Admiralty Orders of 14 November 1755 indicated that the Alderney-class vessels were to be built at private dockyards, leaving the Royal Dockyards fully engaged in constructing or fitting-out the larger ships of the line. For previous Navy contracts the prices quoted by Thames River shipyards had proved exorbitant, and the Navy Board had evidence that the shipwrights were colluding to fix higher rates for construction work. In consequence only regional shipwrights were invited to bid for Diligence, with the contract awarded on 27 February 1756 to William Wells and Company, a private shipyard in Deptford. Contract terms stipulated that the vessel be completed within six months.

The new vessel's keel was laid in March 1756 and work commenced on the hull. Bately's initial design was for a two-masted snow-rigged sloop, but Diligence was the only one completed to this specification; her sister ships Alderney and were modified in mid-1756 into a traditional three-masted ship rig to increase speed at the expense of manoeuvrability. When completed, Diligence was 88 ft 6 in long with a 73 ft 1 in keel, a beam of 24 ft 8 in and a 10 ft 10 in hold.

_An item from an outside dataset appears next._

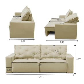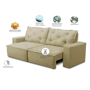 Assento:Feito com espuma D-28 com percintas elásticas de 5mm e Molas, o assento é retrátil que permite você utilizar o sofá com as pernas esticadas e ter todo o conforto que ele possa te proporcionar.
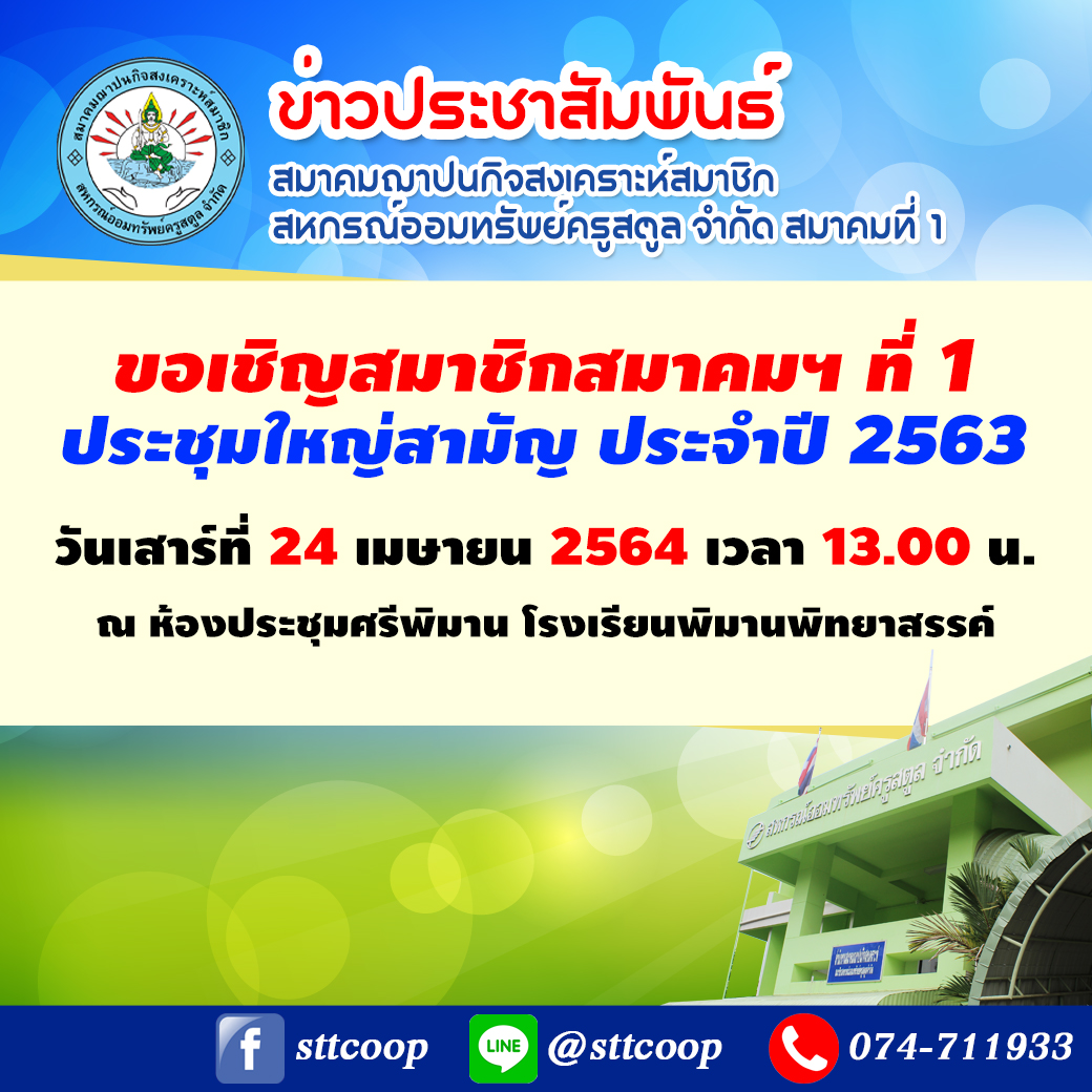 ด้วยคณะกรรมการบริหารสมาคมฌาปนกิจสงเคราะห์สมาชิกสหกรณ์ออมทรัพย์ครูสตูล จำกัด ได้มีการประชุม เมื่อวันที่ 22 มีนาคม 2564 มีมติให้ประชุมใหญ่สามัญประจำปี 2563 โดยกำหนดการประชุมใหญ่สามัญประจำปี 2563 ในวันเสาร์ ที่ 24 เมษายน พ.ศ.2564 เวลา 13.30 น. ณ ห้องประชุมศรีพิมาน โรงเรียนพิมานพิทยาสรรค์ ต.พิมาน อ.เมือง จ.สตูล ทั้งนี้ เพื่อให้เป็นไปตามข้อบังคับที่จะต้องจัดให้มีการประชุมใหญ่สามัญประจำปีไม่เกิน 120 วัน นับแต่วันสิ้นปี

As fitted out for Royal Navy service she was lightly armed with 10 four-pounder cannons ranged along her upper deck, accompanied by 12 1/2-pounder swivel guns for anti-personnel use.

The half-built sloop was formally christened Diligence on 25 May 1756 and was launched in July 1756, well within the contracted deadline of six months. After launch, she was sailed to Deptford Dockyard for fitting out and to take on guns and crew.

==Service==
American Revolutionary War: During the Summer of 1776, under command of Thomas Davey, she made 8 captures on the Mississippi River or in the vicinity of it. On unknown dates, probably in 1777, under command of Tho. Davie, she captured sloops Dick Cole, Dolphin, and Horn Snake. She captured brig St. Louis on an unknown date. On 10 January, 1778 she captured American merchant ship "Minerva" 5 leagues off Great Inagua Island, Bahamas. On 5 February, 1778 captured sloop "Brothers", prize arrived at Port Royal, Jamaica on the 5th. On 6 April 1778, she was credited, along with HMS Antilope, for capturing American schooner "John".